● Task requirements: Go to the line below that has "DESCRIPTION: This urli", print it and each line after it exactly, and stop after the line that has "Sofort wurden Erinnerungen"; leave out pictures.

● Study material:
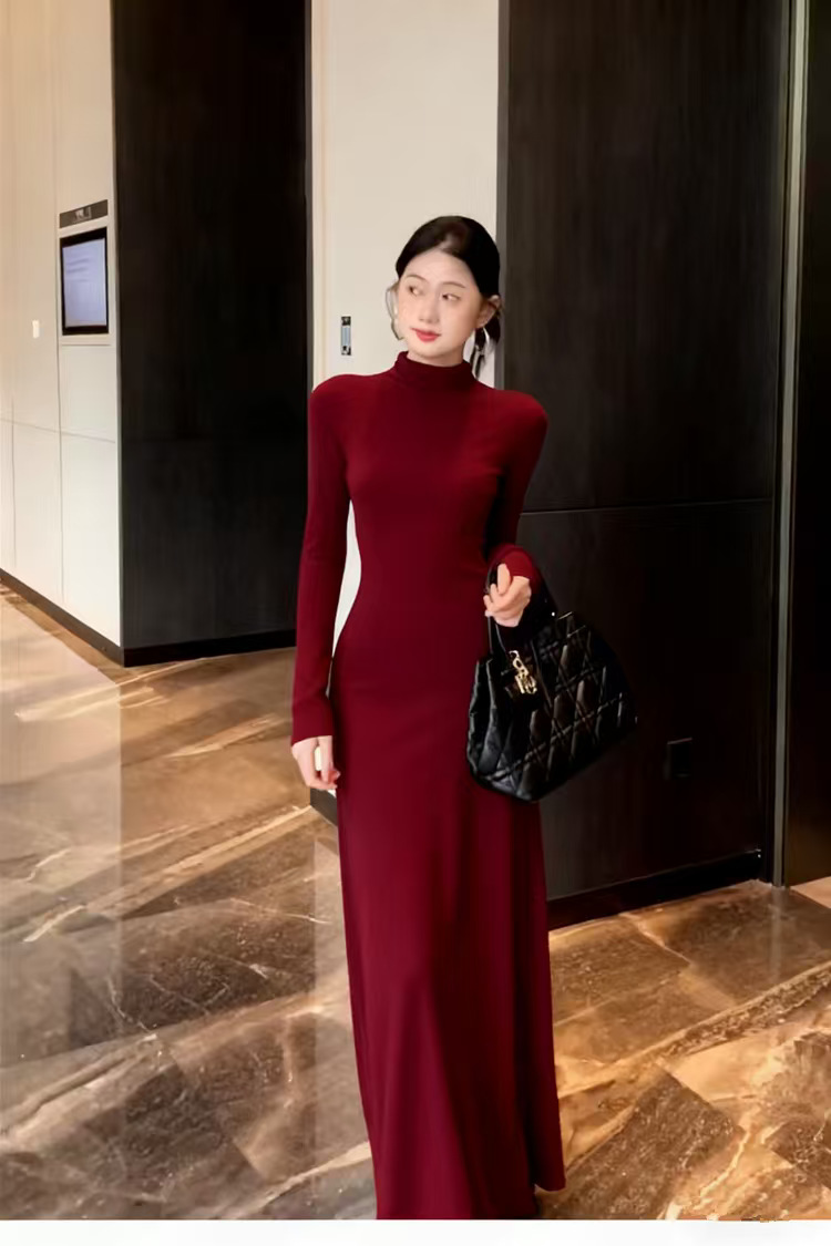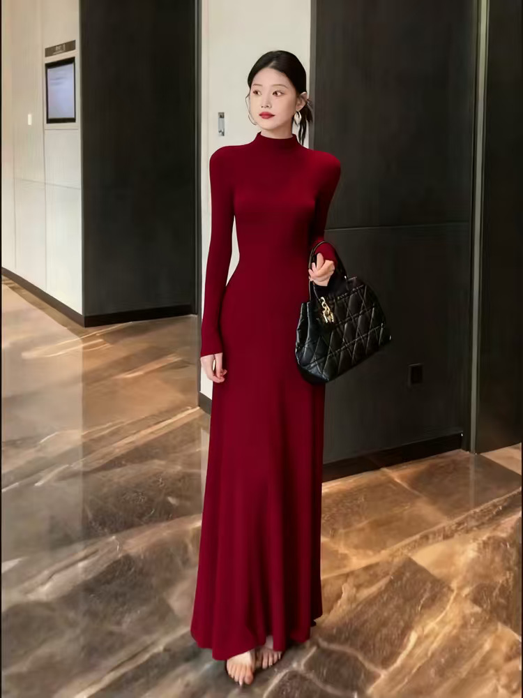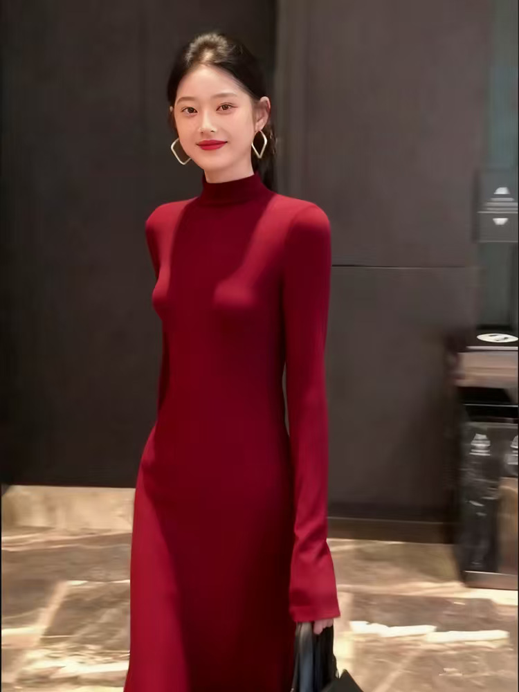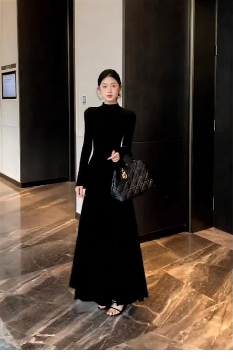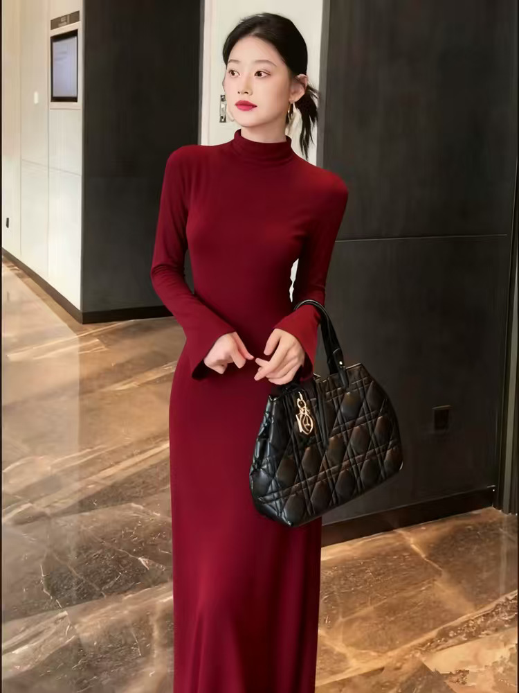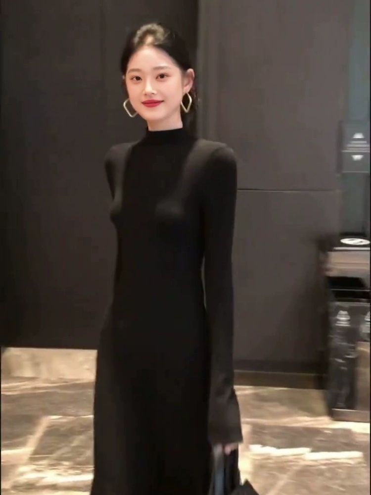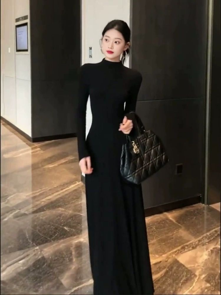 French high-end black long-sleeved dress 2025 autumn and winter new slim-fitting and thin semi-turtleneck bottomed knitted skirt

==

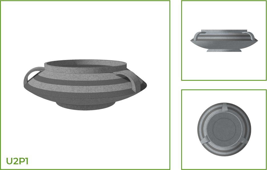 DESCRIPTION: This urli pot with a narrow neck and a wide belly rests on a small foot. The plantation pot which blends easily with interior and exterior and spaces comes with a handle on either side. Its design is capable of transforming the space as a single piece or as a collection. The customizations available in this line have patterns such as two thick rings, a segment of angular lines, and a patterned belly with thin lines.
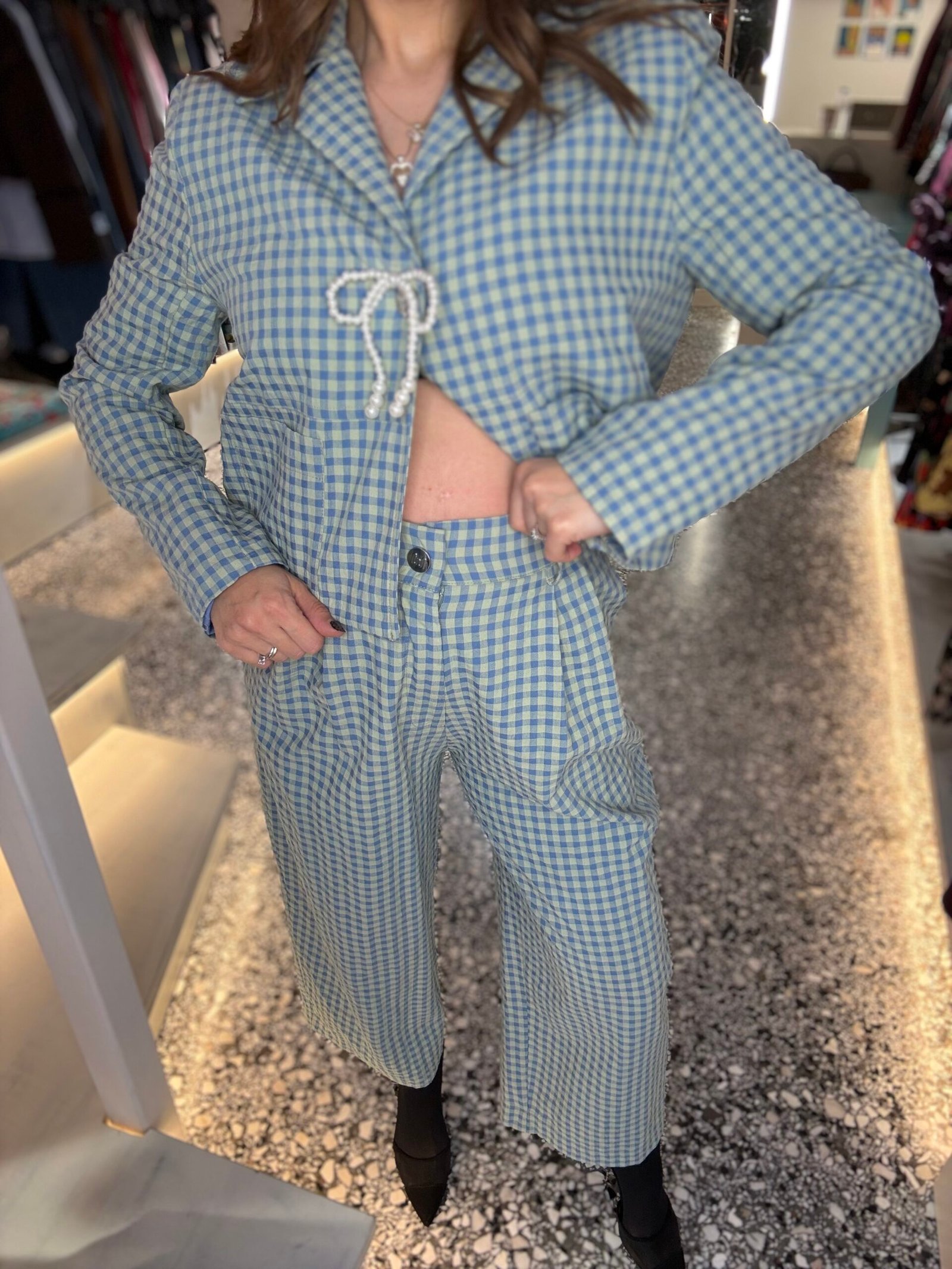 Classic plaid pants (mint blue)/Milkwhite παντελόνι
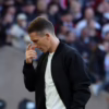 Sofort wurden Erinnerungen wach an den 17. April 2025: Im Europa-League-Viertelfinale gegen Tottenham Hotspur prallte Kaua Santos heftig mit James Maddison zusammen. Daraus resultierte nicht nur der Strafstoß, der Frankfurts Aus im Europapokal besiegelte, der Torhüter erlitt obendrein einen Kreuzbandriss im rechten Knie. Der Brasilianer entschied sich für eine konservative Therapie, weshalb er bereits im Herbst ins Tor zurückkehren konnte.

● Exercise solution:
 DESCRIPTION: This urli pot with a narrow neck and a wide belly rests on a small foot. The plantation pot which blends easily with interior and exterior and spaces comes with a handle on either side. Its design is capable of transforming the space as a single piece or as a collection. The customizations available in this line have patterns such as two thick rings, a segment of angular lines, and a patterned belly with thin lines.
 Classic plaid pants (mint blue)/Milkwhite παντελόνι
 Sofort wurden Erinnerungen wach an den 17. April 2025: Im Europa-League-Viertelfinale gegen Tottenham Hotspur prallte Kaua Santos heftig mit James Maddison zusammen. Daraus resultierte nicht nur der Strafstoß, der Frankfurts Aus im Europapokal besiegelte, der Torhüter erlitt obendrein einen Kreuzbandriss im rechten Knie. Der Brasilianer entschied sich für eine konservative Therapie, weshalb er bereits im Herbst ins Tor zurückkehren konnte.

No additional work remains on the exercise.